Veterans Affairs press secretary Pete Kasperowicz said in a statement to Reuters: “VA looks forward to continuing to work with its DOGE liaisons to help the department improve its performance, customer service, and convenience to Veterans.”

Mr Lavingia said Steve Davis, the president of Mr Musk’s tunneling enterprise the Boring Company, ran day-to-day operations while Turkish-born venture capitalist Baris Akis helped with DOGE recruitment and DOGE logistics.

Mr Davis and Mr Akis did not respond to requests for comment sent via the White House.

When instructions did come through, they were usually communicated through phone calls or small chats on the encrypted Signal messaging app that would typically auto-delete in one day, Mr Lavingia said.

He said instructions included moving faster to increase mass layoffs at the VA, the federal government’s second-largest agency.

The only time he met Mr Musk, Mr Lavingia said, was at an all-hands meeting in March with what he estimated was between 40 and 60 fellow DOGE employees.

Mr Lavingia said he asked to open-source, or make freely available, some of his computer code, which Mr Musk approved.

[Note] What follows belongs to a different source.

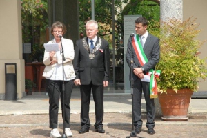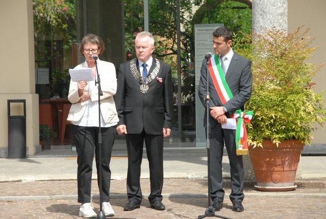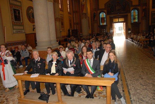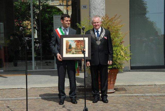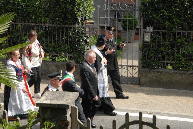 Podczas wizyty w Lambrugo przedstawiciele gminy Rajcza uczestniczyli w uroczystościach Święta Państwowego Włoch, przypadającego na dzień 25 kwietnia. Data ta upamiętnia wyzwolenie Włoch od nazizmu. Oficjalne uroczystości rozpoczęły się Maszą Świętą, która ze względu na naszą obecność była dwujęzyczna. I czytanie przypadło w udziale wójtowi gminy Rajcza. Kazanie wygłosił ks. Mariusz Zemanek, natomiast modlitwę wiernych odczytała radna – Anna Rybarska. W duchu wzajemnej integracji polsko-włoskiej na Mszy Św. wspólnie odśpiewana została pieść Czarna Madonna oraz ulubiona pieśń Jana Pawła II – Barka. Po Mszy świętej, wszyscy obecni na czele z burmistrzem gminy Lambrugo Giuseppe Costazno – wyruszyli w pochodzie uliczkami Lambrugo, podczas którego władze partnerskie złożyły wieńce pod pomnikami upamiętniającymi ważne wydarzenia historyczne. Na trasie przygrywała orkiestra dęta, a na zakończenie przemarszu przed budynkiem gminy Lambrugo wójt Kazimierz Fujak oraz burmistrz Giuseppe Costazno wygłosili przemówienia oraz przekazali sobie pamiątki, symbolizujące zacieśnienie współpracy partnerskiej. Oficjalne uroczystości zakończyły się okolicznościowym obiadem. Wszystkie punkty uroczystości uświetniał nasz poczet sztandarowy oraz panie w tradycyjnych strojach regionalnych.

He then asked if they could livestream DOGE meetings to increase transparency.

“Elon said: ‘That’s a great idea. We’ll do it next week.’ He then caught himself and said: ‘Maybe we pre-record it because of security risks.'”

Mr Lavingia said he never heard back.

In early May, after he spoke to media outlet Fast Company about working at DOGE, Mr Lavingia said his computer access was revoked in what amounted to a firing. He said Mr Musk and team leaders never explicitly told him he should not talk to journalists.

“My DOGE days were over,” Mr Lavingia wrote in a blog about his experience.